HOME  ›   pipelines

# Aggregating Multiple GEM Wells with cellranger-atac aggr

## What is aggr?

Many experiments involve generating data for multiple samples that are processed through different Gel Bead-in Emulsion (GEM) wells on Chromium instruments. Depending on the experimental design, these could be replicates from the same set of cells, cells from different tissues or time points from the same individual, or cells from different individuals. The cellranger-atac aggr pipeline can be used to aggregate these into a single peak-barcode matrix.

When conducting large studies involving multiple GEM wells, run cellranger-atac count on FASTQ data from each of the GEM wells individually, then pool the results using cellranger-atac aggr, as described here.

The cellranger-atac aggr command inputs a CSV file specifying a list of cellranger-atac count output files (specifically the fragments.tsv.gz, and singlecell.csv from each run), and produces a single peak-barcode matrix containing all the data.
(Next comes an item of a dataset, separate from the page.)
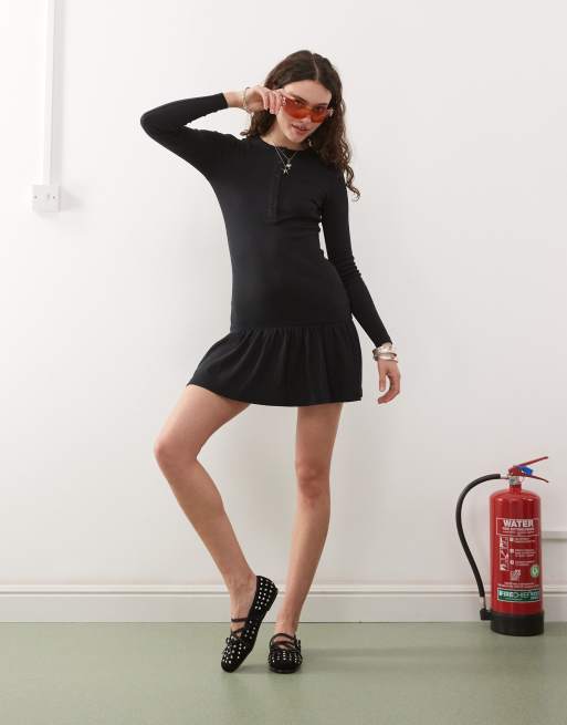 COLLUSION - Sort og ribstrikket Henley-minikjole med lavtsiddende talje

When combining multiple GEM wells, the barcode sequences for each channel are distinguished by a GEM well suffix appended to the barcode sequence (see GEM wells).

By default, the reads from each GEM well are subsampled such that all GEM wells have the same effective sequencing depth, measured in terms of the median number of unique fragments per cell. However, it is possible to turn off this normalization altogether (see Depth Normalization).

## Understanding GEM wells

Each GEM well is a physically distinct set of GEM partitions corresponding to a single Chromium chip channel, but draws barcode sequences randomly from the pool of valid barcodes, known as the barcode whitelist. To keep the barcodes unique when aggregating multiple libraries, Cell Ranger ATAC appends a small integer identifying the GEM well to the barcode nucleotide sequence, and uses that nucleotide sequence plus ID as the unique identifier in the feature-barcode matrix. For example, AGACCATTGAGACTTA-1 and AGACCATTGAGACTTA-2 are distinct cell barcodes from different GEM wells, despite having the same barcode nucleotide sequence.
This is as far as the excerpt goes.